> **Work instructions**:
Please copy the lines below, exactly as they are, from the one with "- 【Heated Eye" through the one with "[Industrial Ethernet Switch]: Features", and leave out the pictures.

> **Stored items from a collection**:
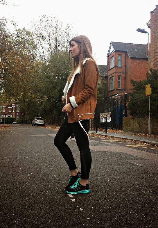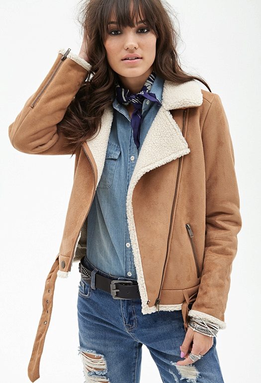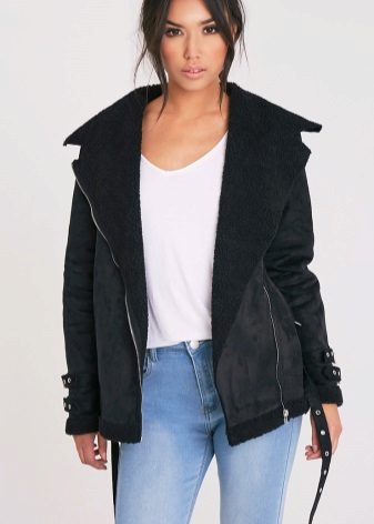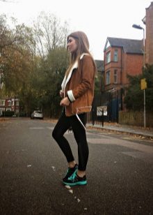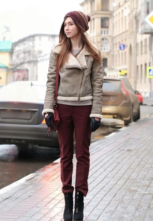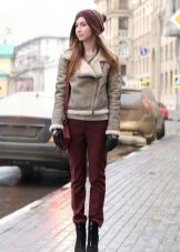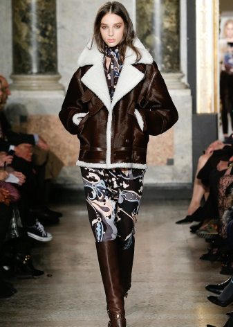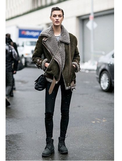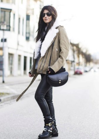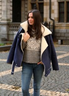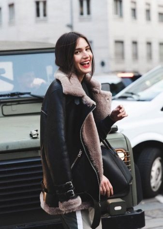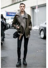 Sheepskin pilot great fit into everyday wardrobe, as it is versatile in combination with other things. The ideal option is high boots or boots with rough soles, skinny jeans and a sweater. In cold weather, you can wear a very warm jacket under a sheepskin coat, tie a voluminous snood around your neck, and dark uggs on your legs. Cozy and comfortable image!
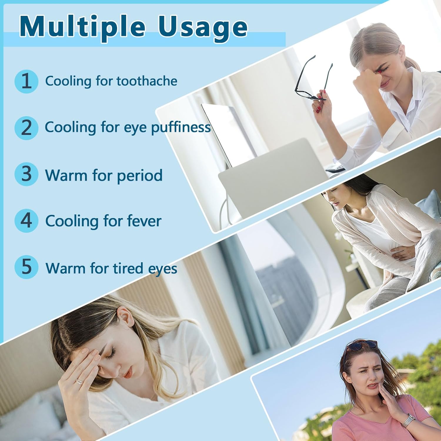 - 【Heated Eye Mask & Cooling Eye Mask 2 in 1】 Cooling eye masks: By just refrigerating the gel eye mask for 20-30mins and put it on your eyes, you will feel cool and relax in Summer. Heated eye mask: By soaking the gel eye mask in hot water (160°F-180°F) for 8-10mins and install it in the eye mask for sleeping, put on eyes and feel warm and comfortable in Winter. 【DO NOT PUT THE GEL EYE MASK IN THE FREEZER OVER 2HOURS,IT WILL BECOME HARD AND AFFECT TO USE, PLS CHILL IT INSTEAD OF FREEZE】
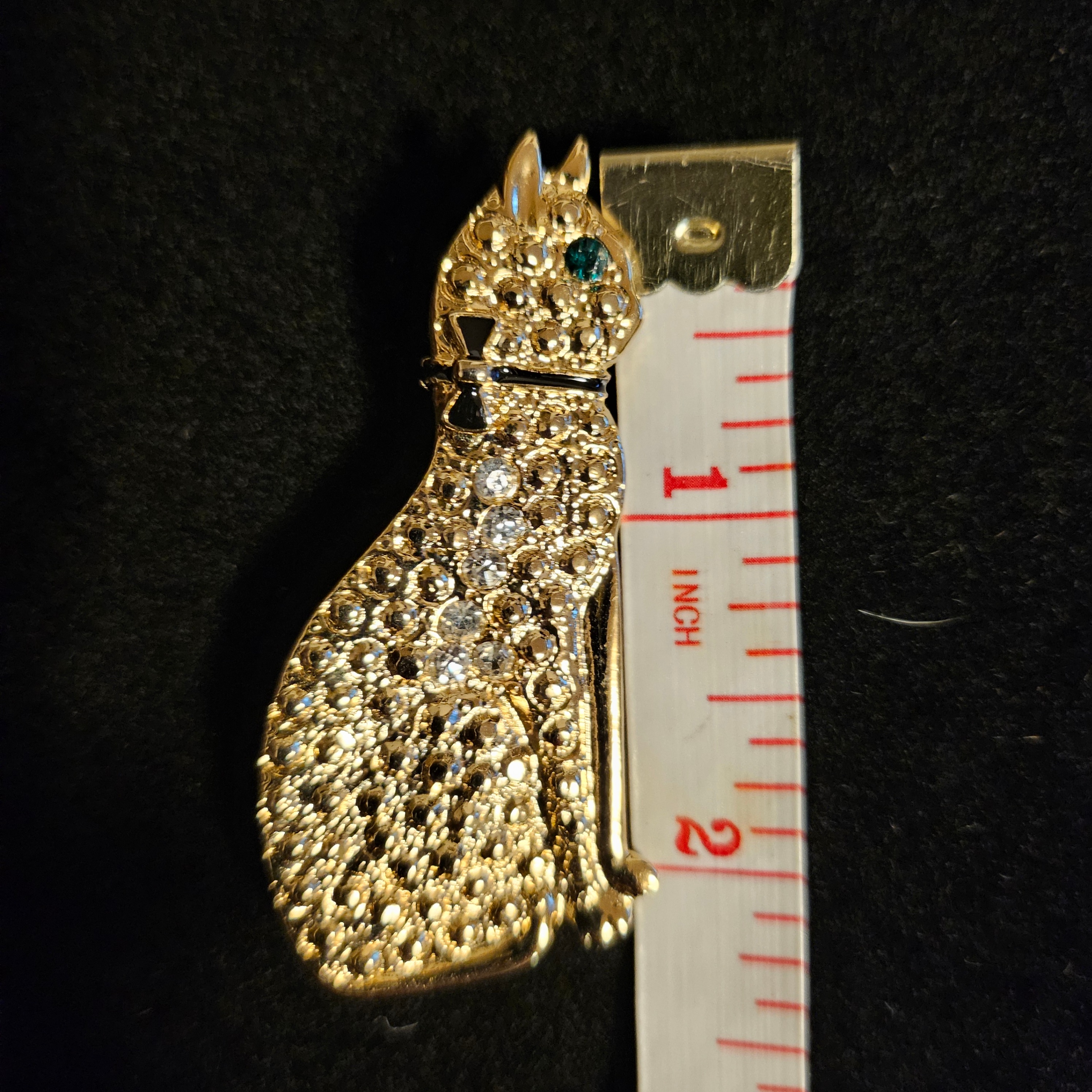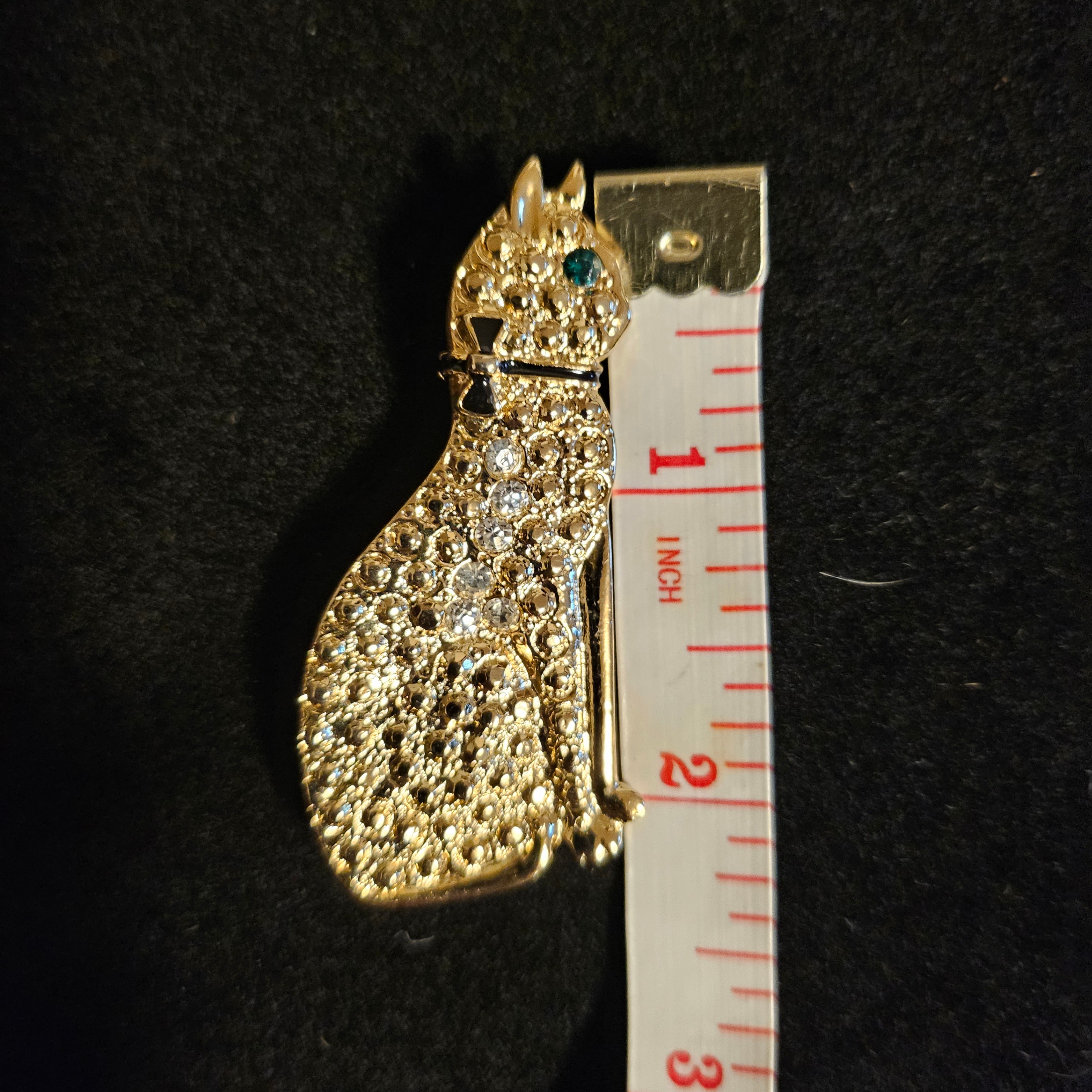 This is a cat pin, gold in colour and adorned with crystals and an emerald coloured eye. It is approximately 2 inches in length and in good condition.
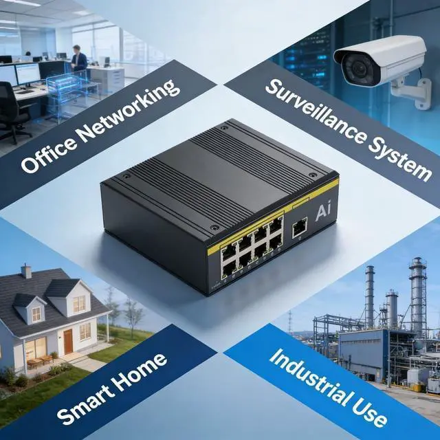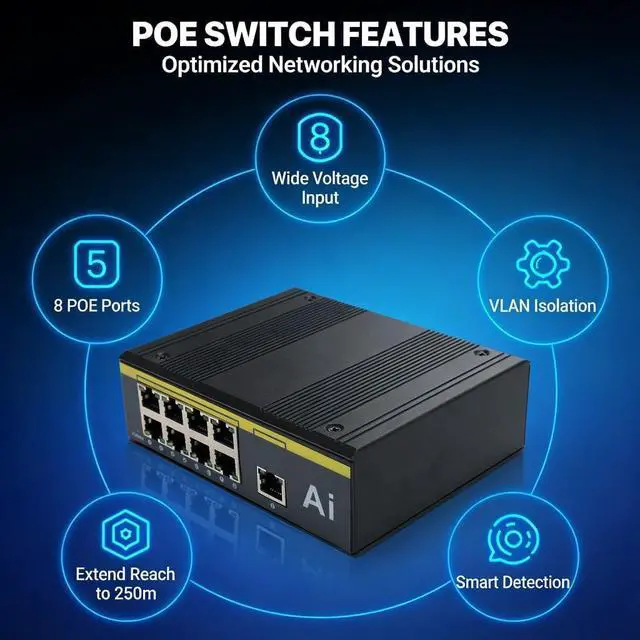 [Industrial Ethernet Switch]: Features 8 PoE ports and 1 uplink port supporting 10/100Mbps for reliable high-speed data transmission in demanding environments.
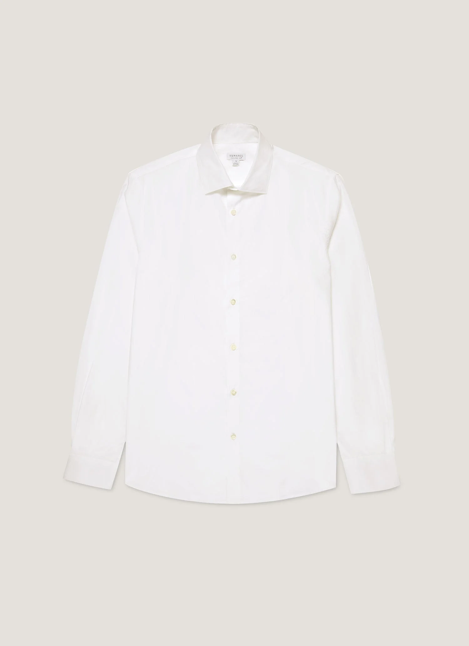 A refined formal shirt, crafted from exceptionally soft cotton poplin spun by a renowned Italian mill. It fits true to size and features a subtle cutaway collar, making it ideal for wearing with a tie. A timeless wardrobe essential. Product Code: MSHT2126-WHAA Fabric & Care - 100% Cotton - Shell buttons - Gentle wash at 40°C with similar colours - Do not tumble dry - Dry cleanable - Made in Portugal Size & Fit - Regular fit - Model is 6'3", chest 36" and wears a size M
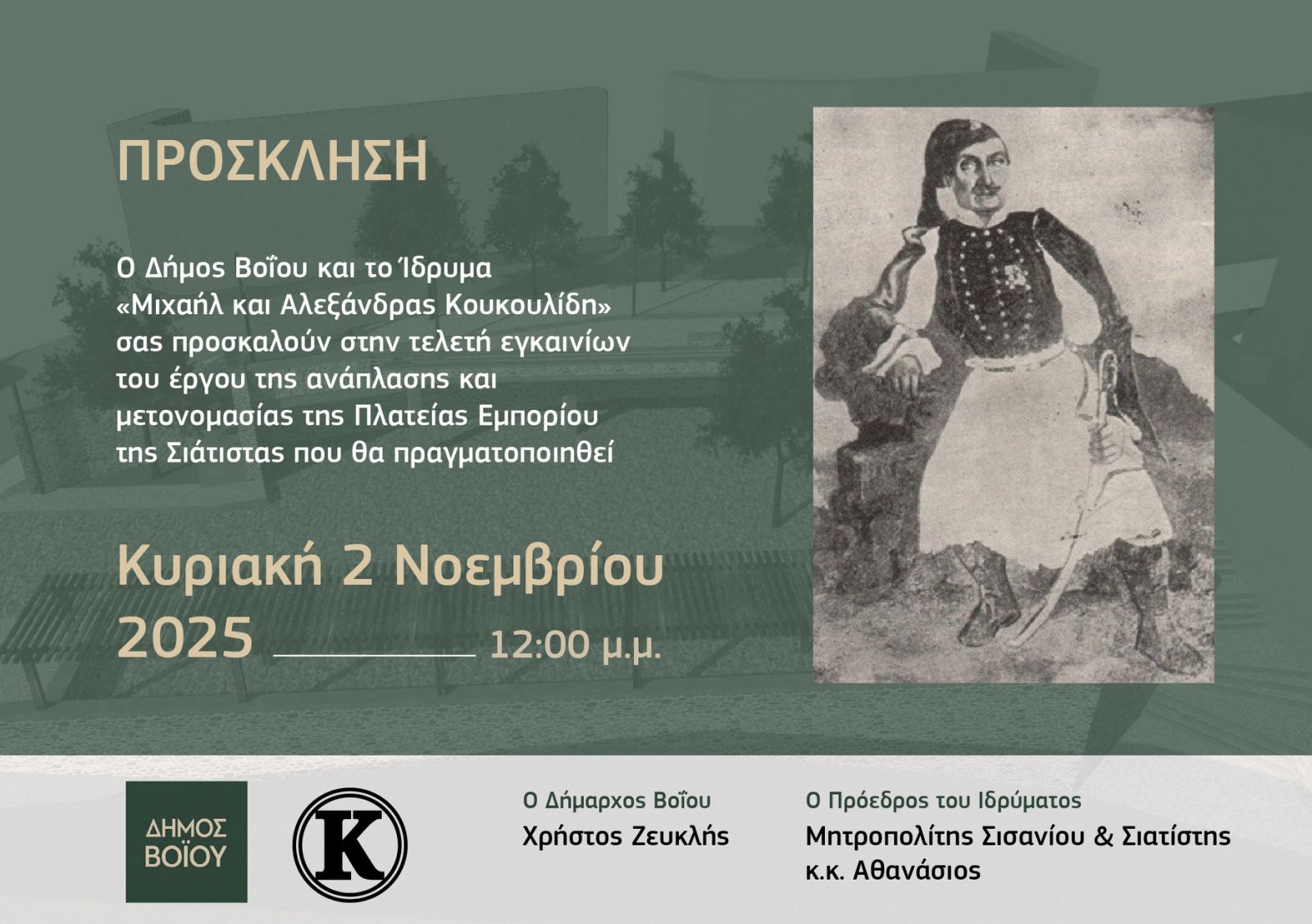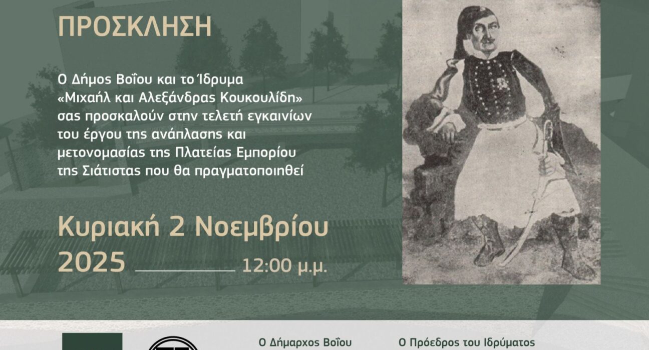 Κοζάνη Δήμος Βοΐου: Τελετή Εγκαινίων της Πλατείας Εμπορίου Σιάτιστας 30 Οκτωβρίου 2025 345 Views Κυριακή 2 Νοεμβρίου Ο Δήμος Βοΐου και το Ίδρυμα «Μιχαήλ & Αλεξάνδρας Κουκουλίδη» σας προσκαλούν στην τελετή εγκαινίων του έργου ανάπλασης και μετονομασίας της Πλατείας Εμπορίου Σιάτιστας. Ώρα Έναρξης: 12:00 μ.μ. Πλατεία Εμπορίου Σιάτιστας
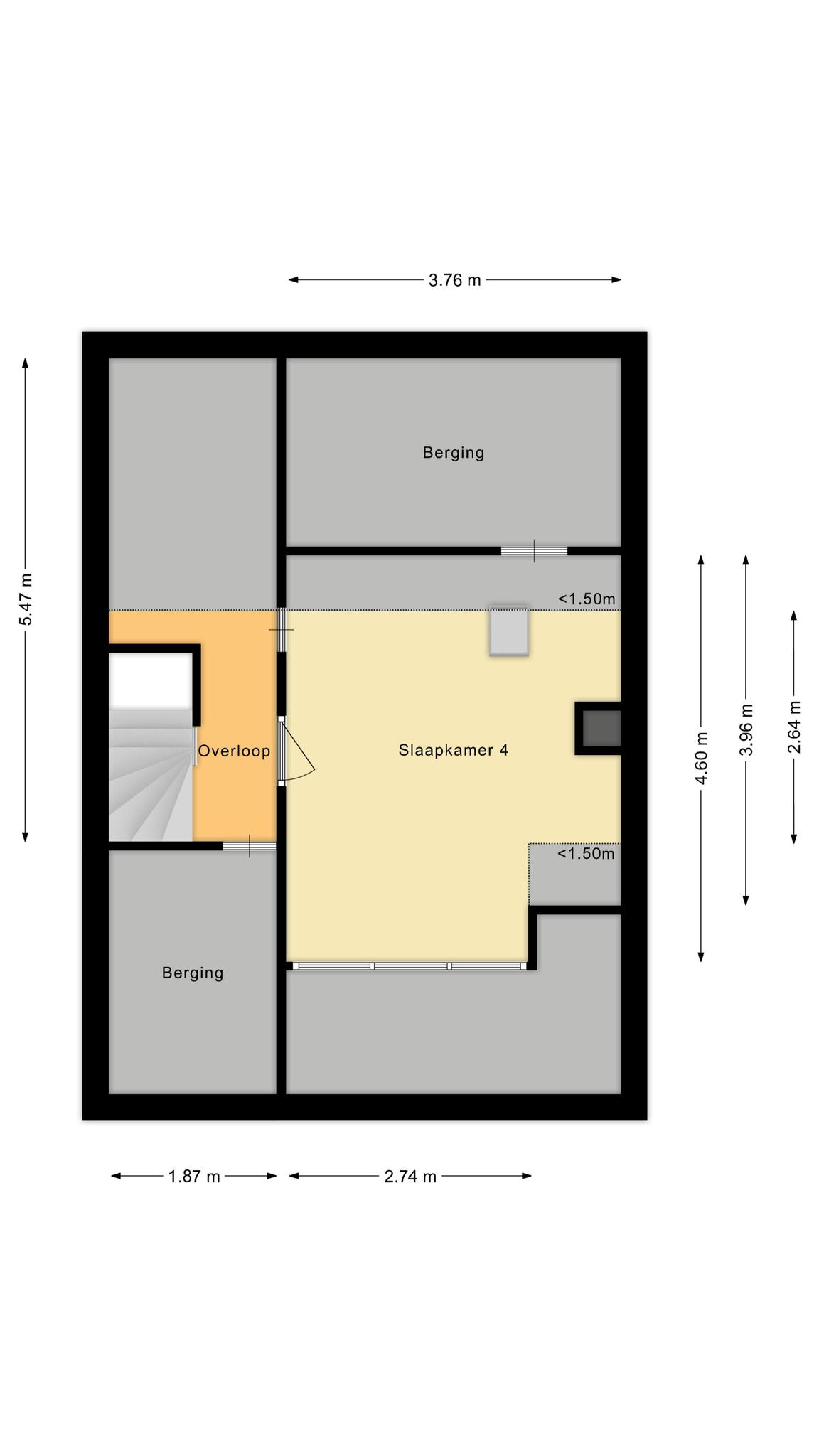 De ruime zolderverdieping is middels een vaste trap bereikbaar naar een open bergruimte met knieschot. Op deze verdieping bevindt zich tevens de 4e slaapkamer met royale dakkapel.

> **Solution to this task**:
 - 【Heated Eye Mask & Cooling Eye Mask 2 in 1】 Cooling eye masks: By just refrigerating the gel eye mask for 20-30mins and put it on your eyes, you will feel cool and relax in Summer. Heated eye mask: By soaking the gel eye mask in hot water (160°F-180°F) for 8-10mins and install it in the eye mask for sleeping, put on eyes and feel warm and comfortable in Winter. 【DO NOT PUT THE GEL EYE MASK IN THE FREEZER OVER 2HOURS,IT WILL BECOME HARD AND AFFECT TO USE, PLS CHILL IT INSTEAD OF FREEZE】
 This is a cat pin, gold in colour and adorned with crystals and an emerald coloured eye. It is approximately 2 inches in length and in good condition.
 [Industrial Ethernet Switch]: Features 8 PoE ports and 1 uplink port supporting 10/100Mbps for reliable high-speed data transmission in demanding environments.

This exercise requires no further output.